8. これで、ジャーナリストに連絡する準備が整いました。使い捨て携帯電話の使い方は、厳格に守ってください。また、この段階では次のルールにも従ってください。
  1. 監視カメラの映像で印象に残らないよう、目立たない服装をすること。
  2. 電話をかけるときは、自宅からは十分に離れること。使い捨て携帯電話の電源を入れて通話を終えたら、すぐに再び電源を切ります。
  3. 使い捨て携帯電話の電源が入っているときは、監視カメラが設置された公共の場所は避けること。
  4. 移動中はクレジットカードを使わないこと。すべて現金で支払います。
  5. 公共交通機関のペイメントカードなど、現金以外の支払い手段は絶対に使用しないこと。
9. リークされた情報を扱うジャーナリストは常に監視されていることを前提にしなければなりません。最初に連絡を取ったら、すぐに追跡が始まると想定してください。計画はできるだけ短い時間で終わらせて、使い捨て携帯電話の電源を入れる回数は最小限に抑えます。

10. 実行したら、リークした情報に関する物はすべて安全な方法で破棄します。自宅のゴミ箱に捨てるのは危険です。電話は川か、自宅から十分に離れた場所にあるゴミ収集所に捨てます。極めて猜疑心の強い内部告発者は、手袋をはめて電話を壊します。電話の筐体に指紋やDNAの痕跡が付着し、電子部品には追跡可能な電話のIDが残されている可能性があるからです。ばらばらにした破片は、必ず別々の場所に捨てます。

注意することが多くて大変です。

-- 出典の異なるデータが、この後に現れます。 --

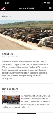 The We are ADAMS App brings important news, upcoming events and other updates related to Adams Land and Cattle to our business partners, customers, employees and their families. With the We are ADAMS App on your phone you receive those updates on the go.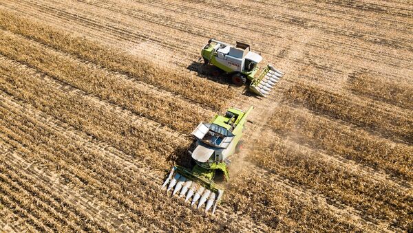 © Sputnik . Vitaliy Timkiv / الانتقال إلى بنك الصورحصاد بذور الذرة في قرية لادوغا ، إقليم كراسنودار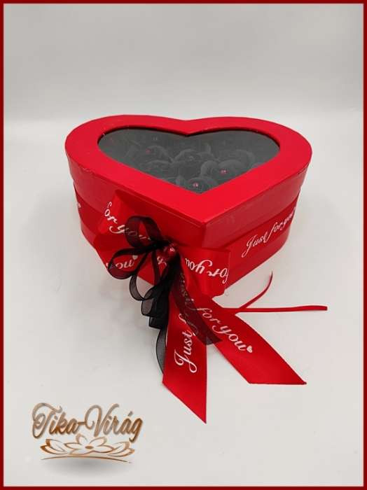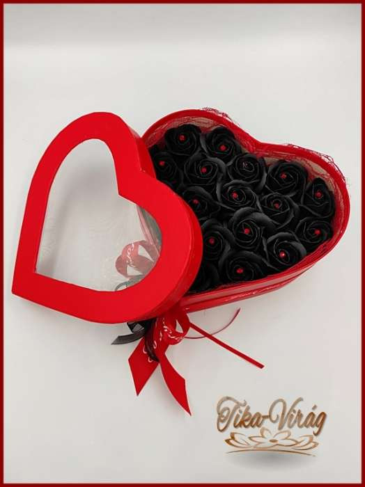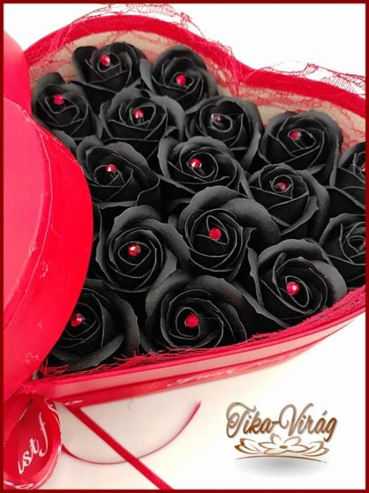 Szín: Piros szív doboz, 18 szál fekete szappanrózsával. A fekete szappanrózsák piros kövekkel vannak díszítve.

しかも、通話時にプライバシーを守るということだけで、これだけのことが必要です。しかし、あなたが巨大権力に狙われても、自由な市民としての生活を続けたいなら、こうした注意を払う必要があるというのが現実です。あなたがそのような状況に陥らないことを望みますが、必要となった場合には適切に行動できようにしてください。

免責事項:この記事の主な目的は、今日の監視社会では、極めて執拗な監視が行われていることを示すことにあります。エフセキュアは、この記事の内容を実行すれば、有罪にならないということを保証するわけではありません。本当に内部告発を計画する場合は、この件について徹底的に調査し、他の情報源も調べるようにしてください(ただし、くれぐれもあなた自身のコンピュータで調査は行わないように)。